Draco darling, I do hope you're not hurt. You must never ever ever ride in one of those filthy Muggle things ever ever again, they are dangerous and operate on explosives. Next time you need help, just send an owl, and Mummy will be right there. Good luck and do well and write and let us know you're all right.

Lots of love

Father and Mother

"Sixth person in a row to recommend the owl remedy," said Ron, sounding cross.

"Why didn't you think of it?" Hermione demanded. "Any of you?"

"Don't look at me! Weasley was the one determined to have something to tell his grandchildren," said Malfoy.

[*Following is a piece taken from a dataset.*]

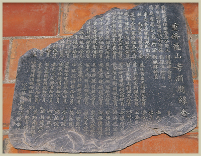 另一石碑於民國七十五年十月重修時發現,目前由寺方保管,碑文內容記載:「特授鹿港理番海防分府王(蘭佩)捐銀四十員,署鹿港理番海防分府張(縉雲)捐銀五十員…」,龍山寺重修時張縉雲已調往嘉義當知縣。鹿港商賈泉、廈等八郊及地方士紳的捐銀,為重修龍山寺工程經費最大的來源。「泉廈郊商船戶捐題緣金碑」其中三塊碑現嵌於龍山寺右廂廊牆面,此碑的材質為烏晶石碑,質地細膩堅硬,適合用於細字體碑文的陰刻,此碑文雖未落款由何石店商號所鐫琢,但經查台灣中部碑文,從嘉慶至道光年間以烏晶石所刻之碑文,均出自「泉郡觀東石室居」所刻,此一資料提供參酌。

"I don't think the chances of your surviving to have grandchildren are very high, Ron," Hermione said.

"The world can stand a little less Weasley, if you ask me," muttered Draco.

"If he had died, you'd've died with him," Harry said.

"Would've been almost worth it, then," said Ron.

"I'd've died too," said Harry. "And then Hermione would have been frightfully lonely."

"Frightfully," said Draco. "It's not like she has any other friends. You two are the only ones mad enough to put up with her."

"I don't want any of you to die," said Hermione.

"We're fine, look," said Ron. "It was a brilliant adventure, and I don't get why you and Percy and Mum and everyone are so cross about it."

"You're going to keep saying that until the day they find your body at the bottom of a ravine."

"And you're going to keep saying rot like that until the day you die of boringness."

"And we are all," said Harry, glancing at the clock, "going to be late for Herbology. Except Malfoy, of course."